And so we leave this beautiful recess, where pure religious feeling may perhaps be wanting but where the best spirit of the Renaissance is to be found:  everything making for harmony and pleasure; and on returning to London the visitor should make a point of seeing the Florentine girl by the same hand in our National Gallery, No. 1230, for she is very typical of his genius.

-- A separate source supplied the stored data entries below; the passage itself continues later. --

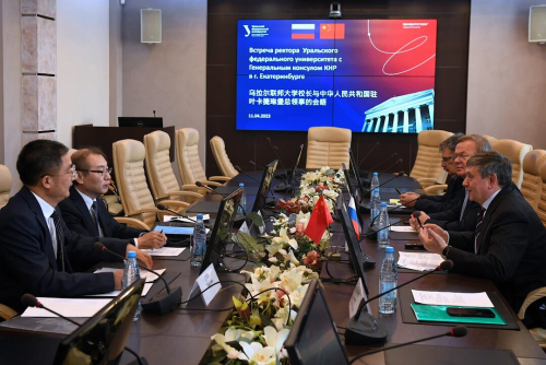 2023年4月11日,驻叶卡捷琳堡总领事崔少纯会见乌拉尔联邦大学校长果克沙洛夫。
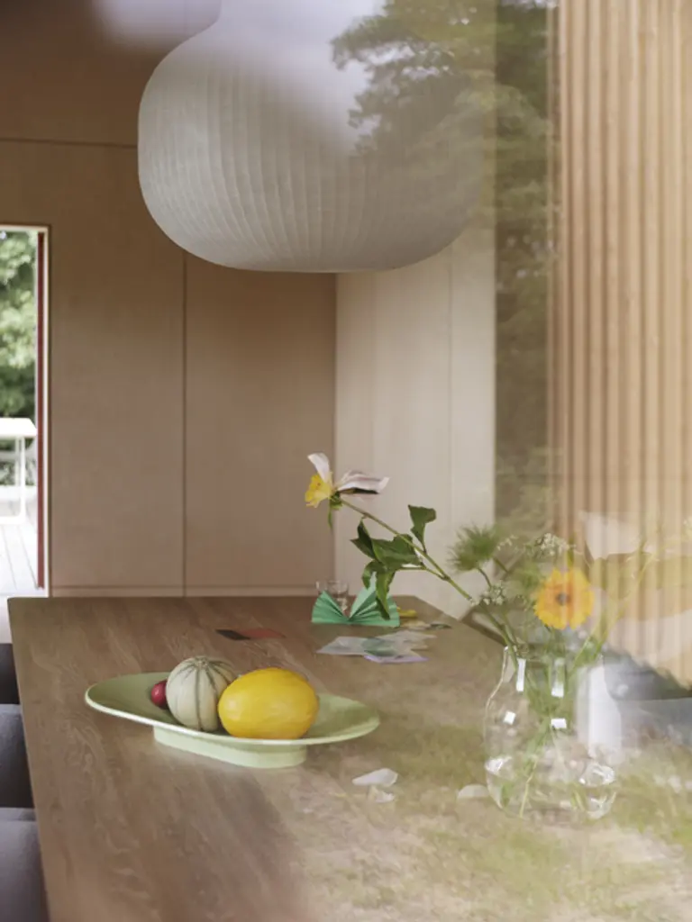 The Strand Pendant Lamp is designed with soft, playful forms for a modern expression. The design provides both diffused lighting and direct lighting, the latter through its top and bottom opening. The design is made in a sprayed cocoon material that consists of tiny strands for a complex, intriguing structure that, paired with its modern form, gives the Strand Pendant Lamp an almost cloud-like appearance. With its cocoon material filtering light through for a warm, comfortable glow, the Strand Pendant Lamp hovers lightly in space, bringing comfort, harmony and a refined sensitivity to any room.
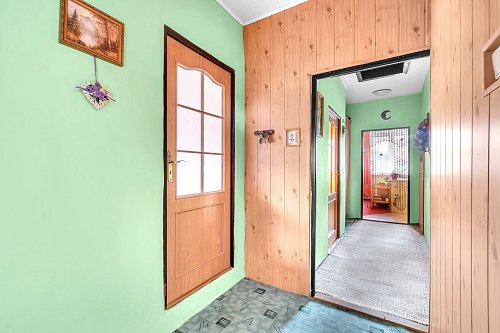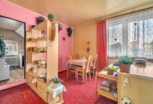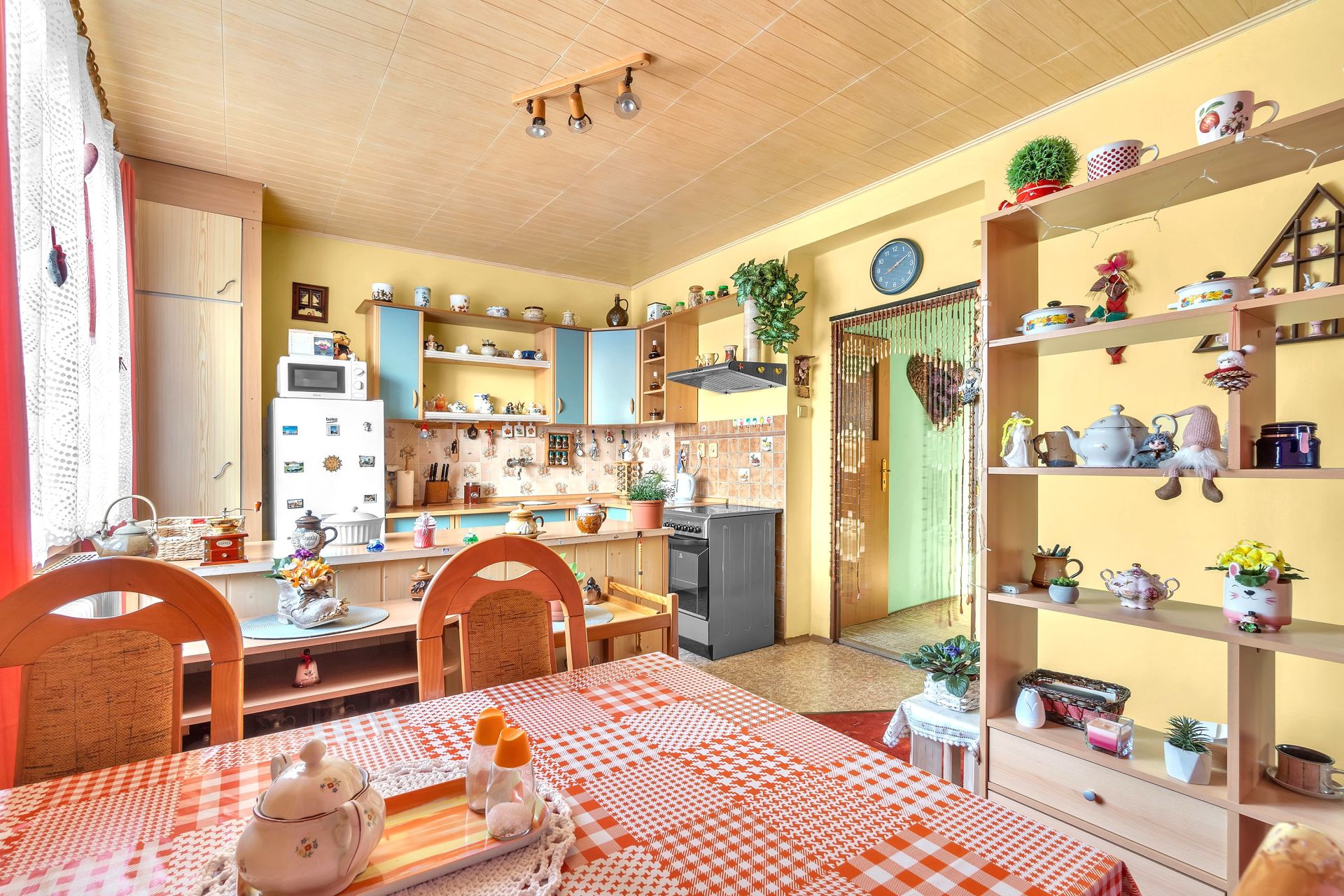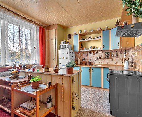 Dispozice bytu: Kuchyň s jídelnou 15,60 m2, pokoj 12,84 m2, pokoj 8,64 m2, chodba 8,02 m2, koupelna 3,96 m2, WC 0,89 m2, spíž 1,35 m2. Sklepy celkem 6,62 m2, kůlna 7,95 m2.
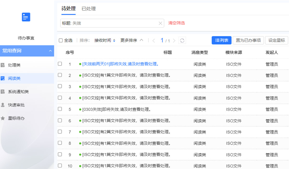 可針對臨期文件設(shè)定提醒,當(dāng)?shù)竭_(dá)失效提醒時(shí)間時(shí),系統(tǒng)自動以待閱通知、郵件、短信等形式發(fā)送指定對象,便于相關(guān)人員及時(shí)知悉文件臨期的情況
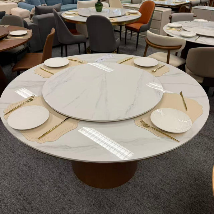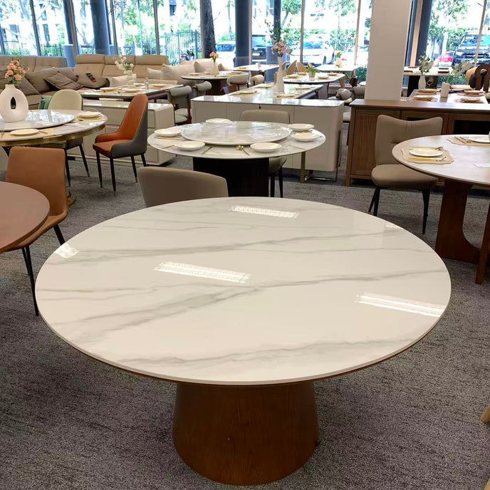 Crafted with a premium white rock surface and solid walnut-stained legs, this round dining table seamlessly blends durability with elegance. The rock top is highly resistant to heat, scratches, and stains, ensuring easy maintenance and long-lasting use, while the built-in lazy Susan (rotating tray) enhances convenience for shared meals and entertaining. The warm walnut tone of the legs contrasts beautifully with the crisp white tabletop, creating a balanced and sophisticated aesthetic.
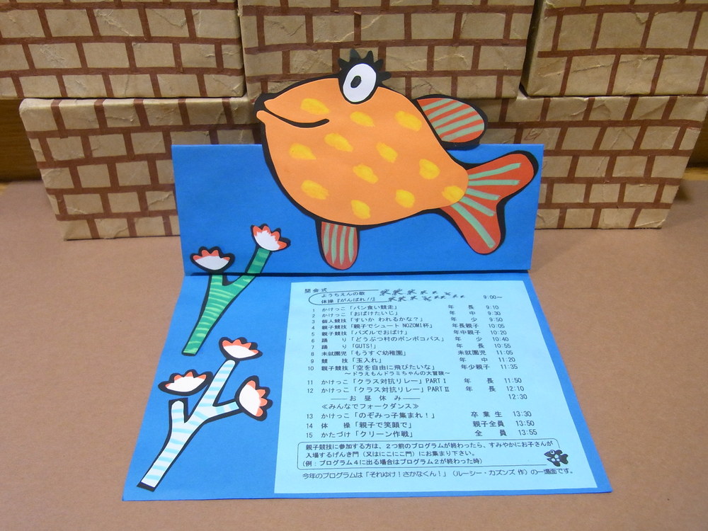 運動会プログラムができました。今年は絵本「それゆけ!さかなくん」から愛らしいお魚のデザインです。
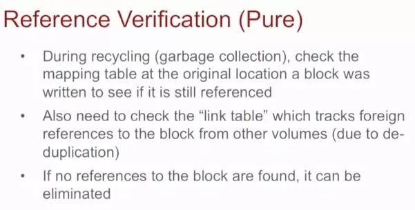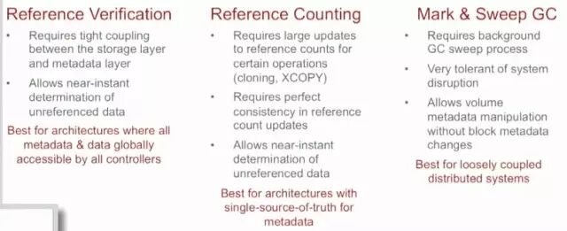 這個(gè)三種方法的區(qū)別如下,引用驗(yàn)證的方式需要存儲(chǔ)層和元數(shù)據(jù)層緊耦合,允許幾乎馬上就決定那個(gè)數(shù)據(jù)不在用,特別適合全局共享元數(shù)據(jù)場(chǎng)景;引用計(jì)數(shù)的方式在某些操作(克隆,XCOPY)需要大量更新計(jì)數(shù)器,計(jì)數(shù)要非常精確,不能有絲毫差錯(cuò),也可以幾乎立即決定哪些數(shù)據(jù)沒(méi)有用,非常適合單一信任源的元數(shù)據(jù)場(chǎng)景;而標(biāo)記&掃除 GC的方式,需要GC掃除在后臺(tái)運(yùn)行,系統(tǒng)的抗干擾性非常高,允許沒(méi)有改變塊元數(shù)據(jù)下對(duì)卷的元數(shù)據(jù)進(jìn)行處理,非常適合松耦合的分布系統(tǒng)。

On the entrance wall of the church is what must once have been a fine Masaccio—­“The Trinity”—­but it is in very bad condition; while in the Cappella Rucellai in the right transept is what purports to be a Cimabue, very like the one in the Accademia, but with a rather more matured Child in it.  Vasari tells us that on its completion this picture was carried in stately procession from the painter’s studio to the church, in great rejoicing and blowing of trumpets, the populace being moved not only by religious ecstasy but by pride in an artist who could make such a beautiful and spacious painting, the largest then known.  Vasari adds that when Cimabue was at work upon it, Charles of Anjou, visiting Florence, was taken to his studio, to see the wonderful painter, and a number of Florentines entering too, they broke out into such rejoicings that the locality was known ever after as Borgo Allegro, or Joyful Quarter.  This would be about 1290.  There was a certain fitness in Cimabue painting this Madonna, for it is said that he had his education in the convent which stood here before the present church was begun.  But I should add that of Cimabue we know practically nothing, and that most of Vasari’s statements have been confuted, while the painter of the S. Maria Novella Madonna is held by some authorities to be Duccio of Siena.  So where are we?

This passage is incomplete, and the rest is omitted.